== HOW TO COMPLETE THIS TASK ==
Go through the records and restate them word for word, omitting images.

== INPUT DATA ==

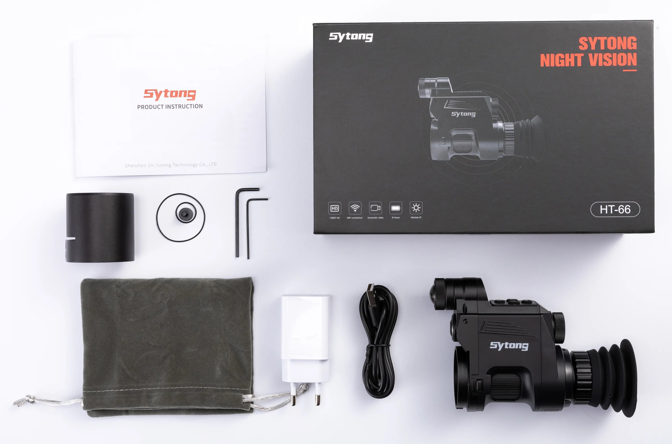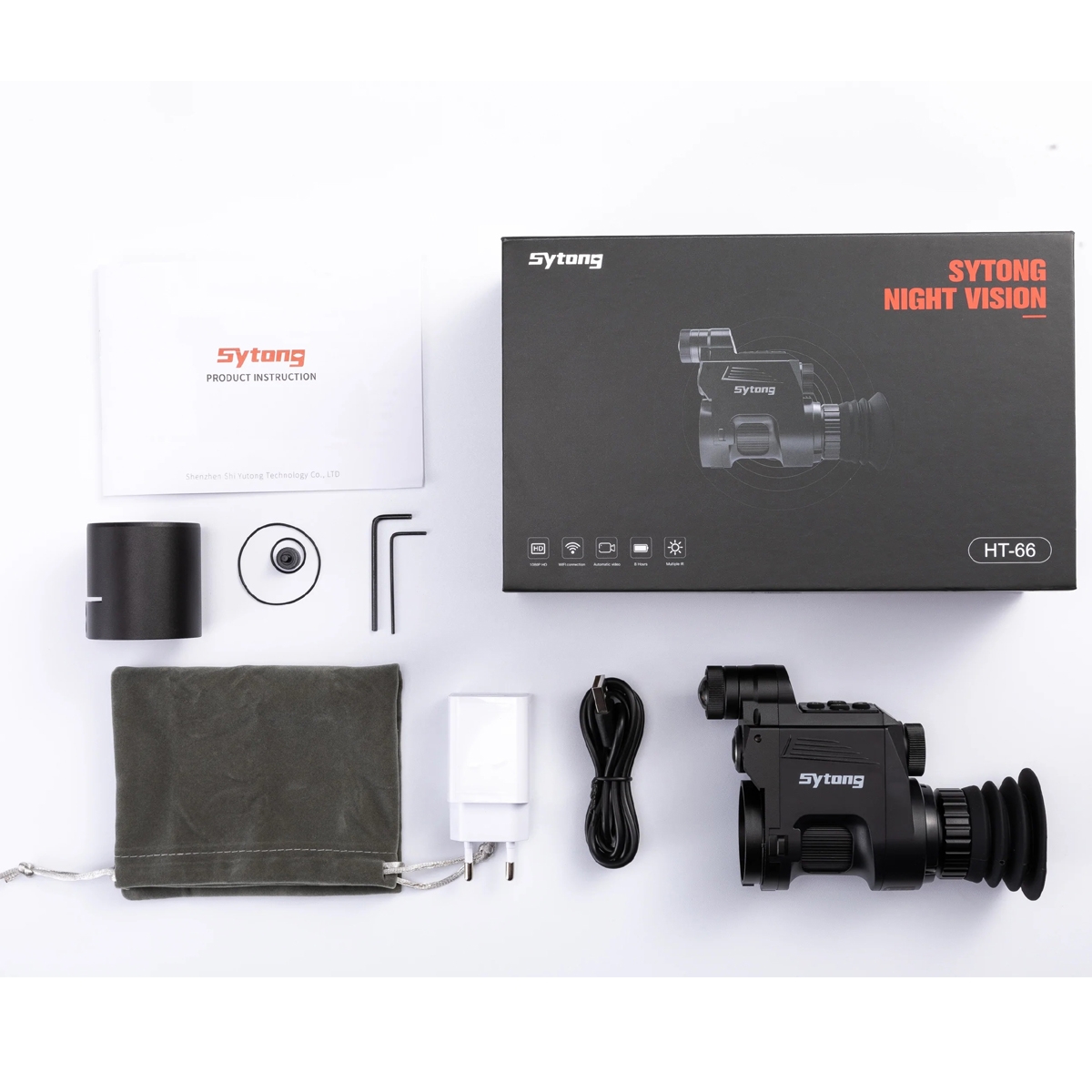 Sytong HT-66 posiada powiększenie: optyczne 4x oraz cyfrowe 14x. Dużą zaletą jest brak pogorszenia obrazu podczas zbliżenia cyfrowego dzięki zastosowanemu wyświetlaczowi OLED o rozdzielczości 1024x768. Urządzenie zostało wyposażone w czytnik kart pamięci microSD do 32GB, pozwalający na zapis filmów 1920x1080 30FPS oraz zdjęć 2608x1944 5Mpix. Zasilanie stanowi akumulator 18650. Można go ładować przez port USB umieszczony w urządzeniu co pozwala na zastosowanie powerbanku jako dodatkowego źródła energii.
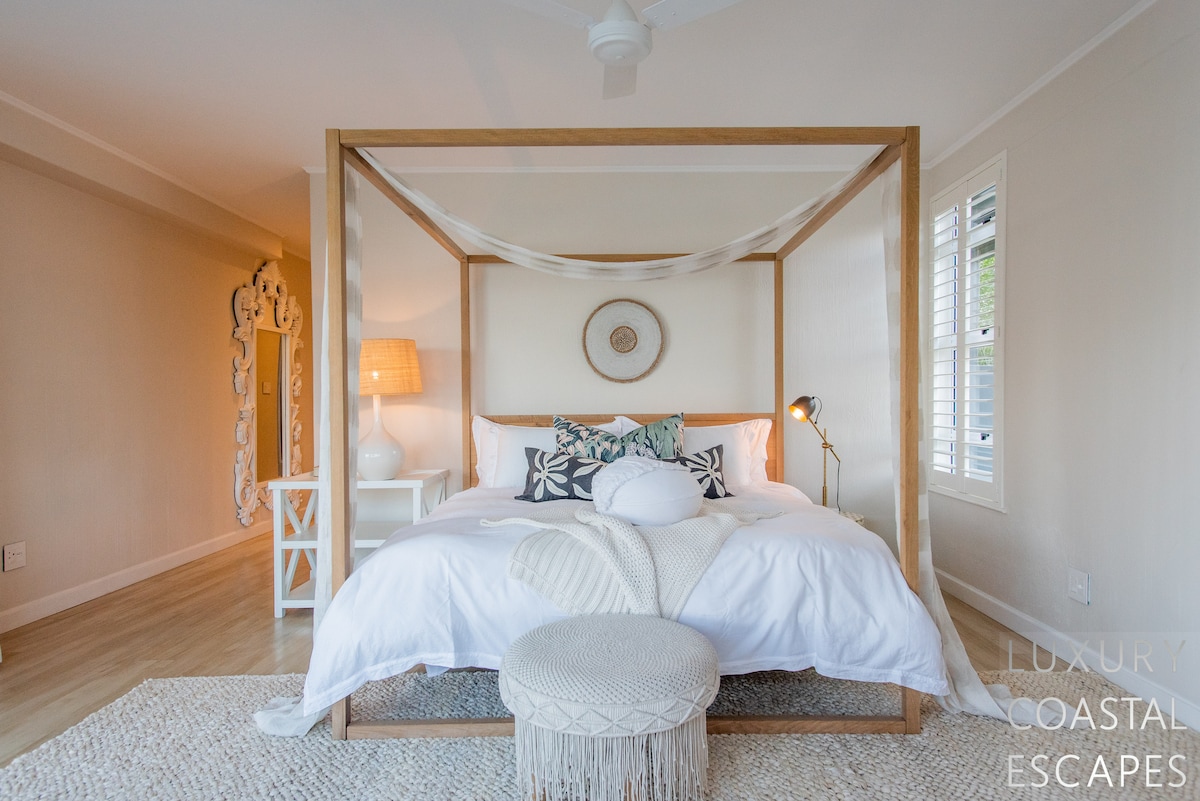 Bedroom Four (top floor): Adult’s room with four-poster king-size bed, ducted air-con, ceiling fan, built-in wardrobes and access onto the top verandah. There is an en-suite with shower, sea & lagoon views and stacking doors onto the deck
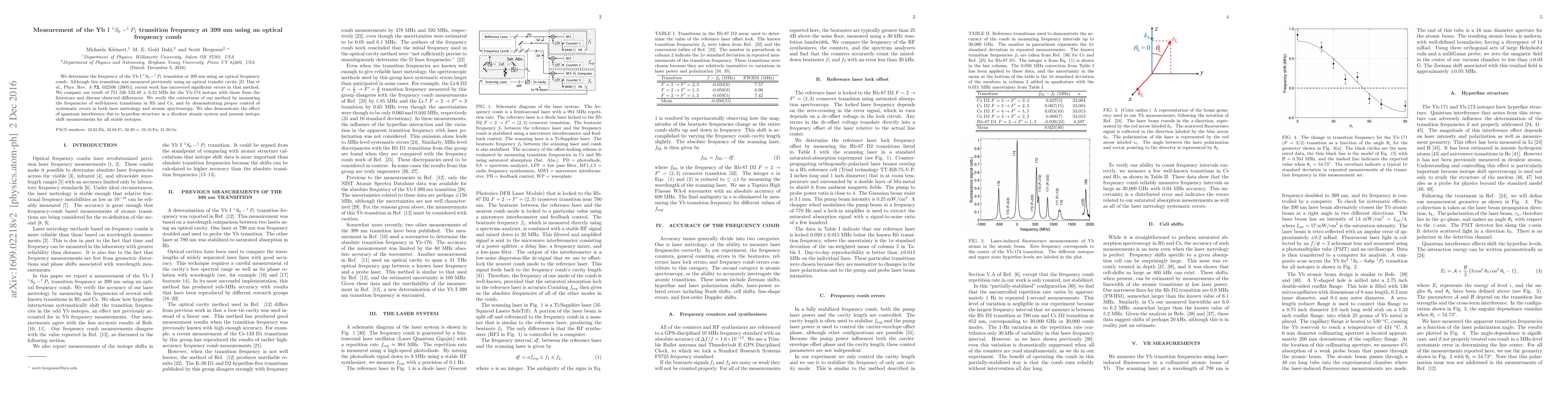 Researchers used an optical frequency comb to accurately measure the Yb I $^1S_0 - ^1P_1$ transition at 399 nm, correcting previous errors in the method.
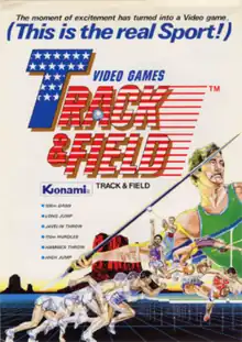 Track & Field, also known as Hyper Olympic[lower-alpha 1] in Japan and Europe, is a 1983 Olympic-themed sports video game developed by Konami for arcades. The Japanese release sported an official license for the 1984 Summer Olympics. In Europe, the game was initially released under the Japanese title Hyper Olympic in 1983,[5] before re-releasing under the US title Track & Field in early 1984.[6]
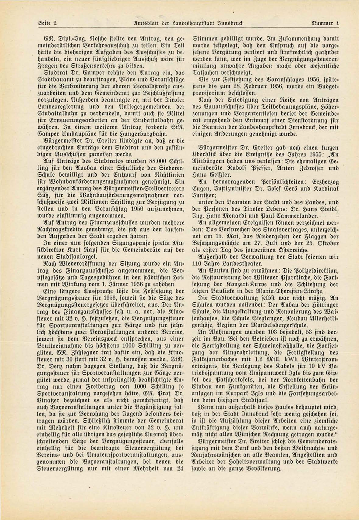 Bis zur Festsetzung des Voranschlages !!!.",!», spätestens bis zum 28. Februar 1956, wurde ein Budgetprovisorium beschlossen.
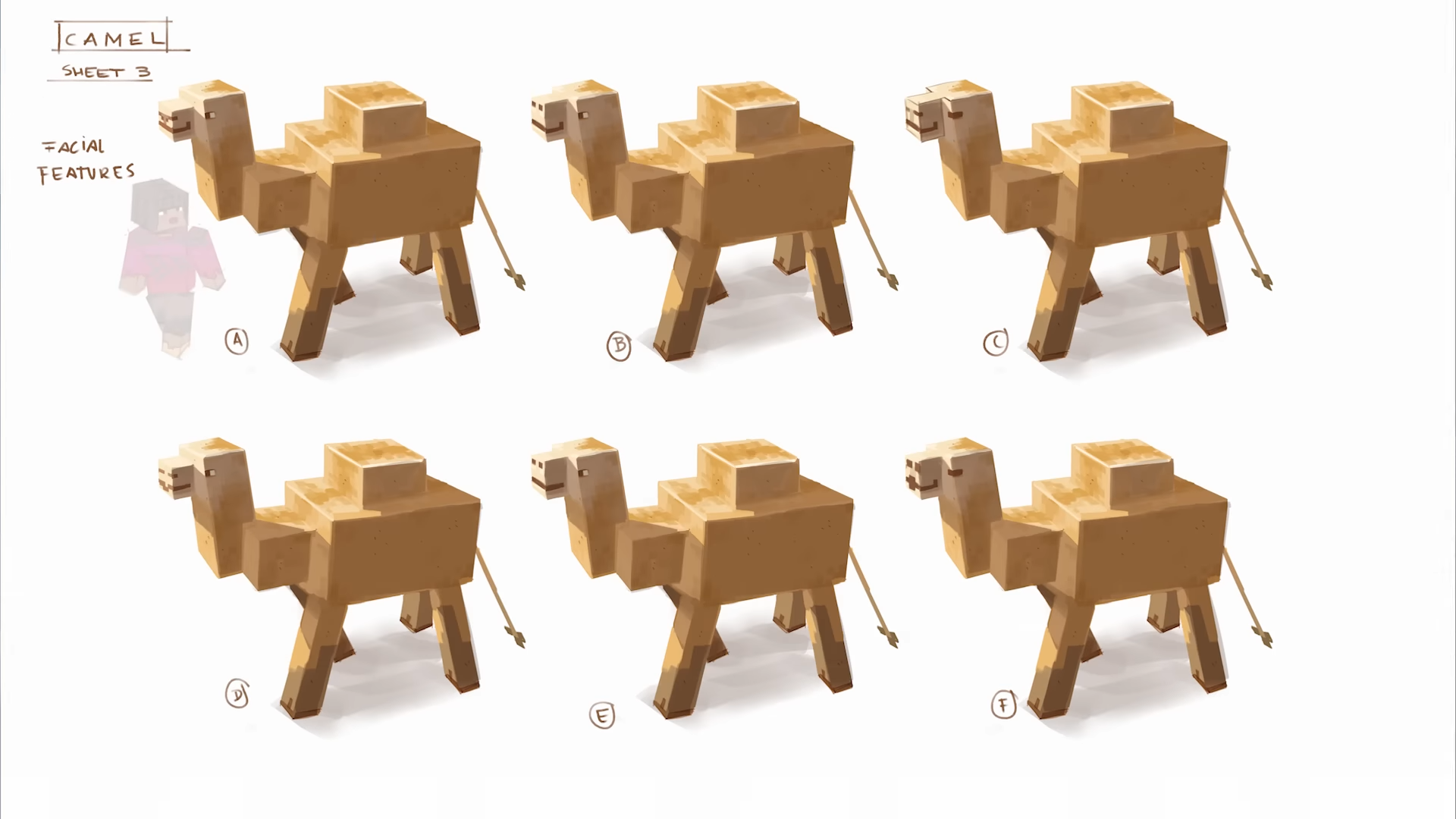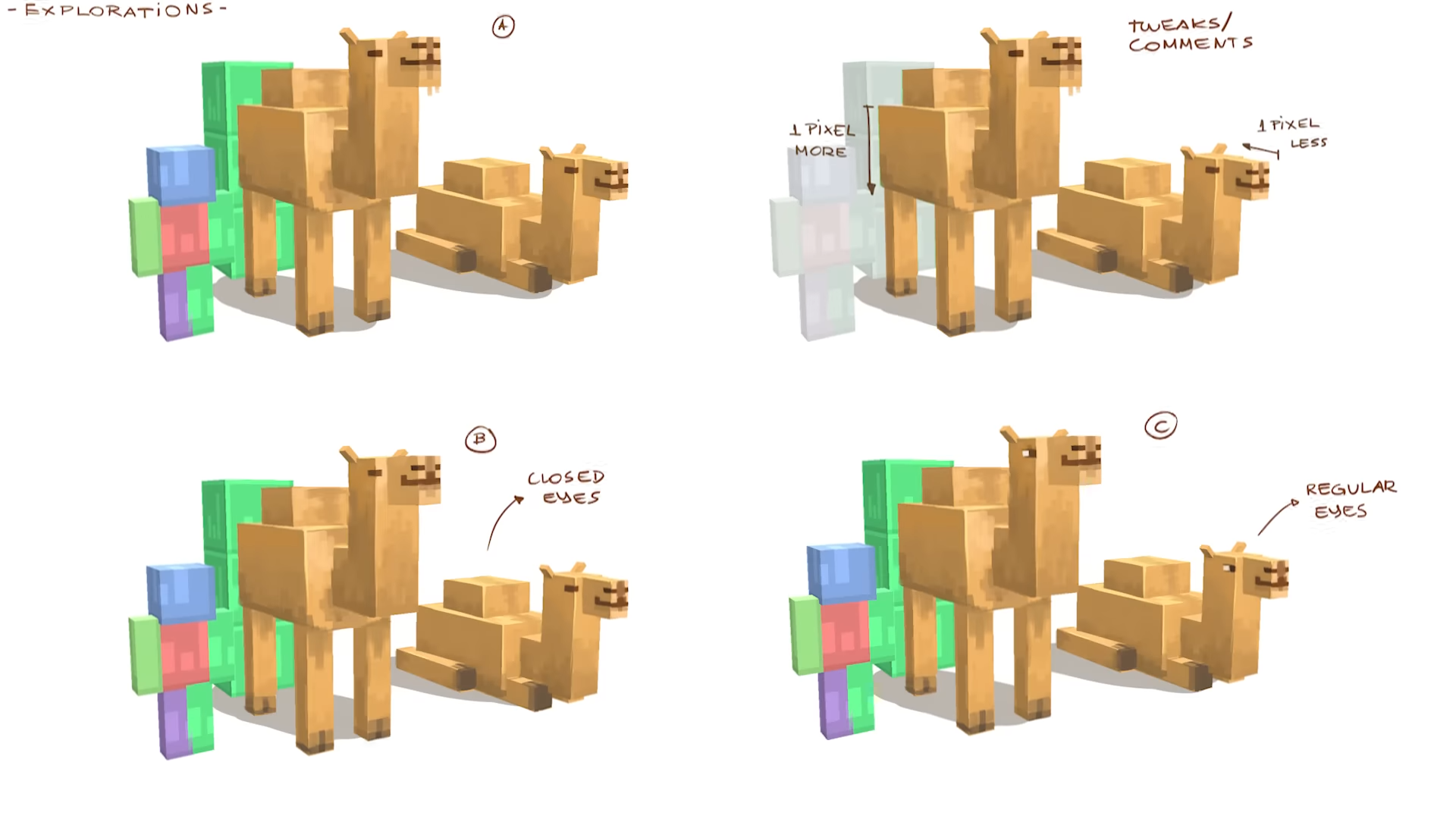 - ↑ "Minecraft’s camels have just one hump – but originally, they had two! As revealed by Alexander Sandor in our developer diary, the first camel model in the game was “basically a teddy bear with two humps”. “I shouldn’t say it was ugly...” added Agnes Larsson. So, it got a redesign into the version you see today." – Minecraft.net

== RESULT ==
 Sytong HT-66 posiada powiększenie: optyczne 4x oraz cyfrowe 14x. Dużą zaletą jest brak pogorszenia obrazu podczas zbliżenia cyfrowego dzięki zastosowanemu wyświetlaczowi OLED o rozdzielczości 1024x768. Urządzenie zostało wyposażone w czytnik kart pamięci microSD do 32GB, pozwalający na zapis filmów 1920x1080 30FPS oraz zdjęć 2608x1944 5Mpix. Zasilanie stanowi akumulator 18650. Można go ładować przez port USB umieszczony w urządzeniu co pozwala na zastosowanie powerbanku jako dodatkowego źródła energii.
 Bedroom Four (top floor): Adult’s room with four-poster king-size bed, ducted air-con, ceiling fan, built-in wardrobes and access onto the top verandah. There is an en-suite with shower, sea & lagoon views and stacking doors onto the deck
 Researchers used an optical frequency comb to accurately measure the Yb I $^1S_0 - ^1P_1$ transition at 399 nm, correcting previous errors in the method.
 Track & Field, also known as Hyper Olympic[lower-alpha 1] in Japan and Europe, is a 1983 Olympic-themed sports video game developed by Konami for arcades. The Japanese release sported an official license for the 1984 Summer Olympics. In Europe, the game was initially released under the Japanese title Hyper Olympic in 1983,[5] before re-releasing under the US title Track & Field in early 1984.[6]
 Bis zur Festsetzung des Voranschlages !!!.",!», spätestens bis zum 28. Februar 1956, wurde ein Budgetprovisorium beschlossen.
 - ↑ "Minecraft’s camels have just one hump – but originally, they had two! As revealed by Alexander Sandor in our developer diary, the first camel model in the game was “basically a teddy bear with two humps”. “I shouldn’t say it was ugly...” added Agnes Larsson. So, it got a redesign into the version you see today." – Minecraft.net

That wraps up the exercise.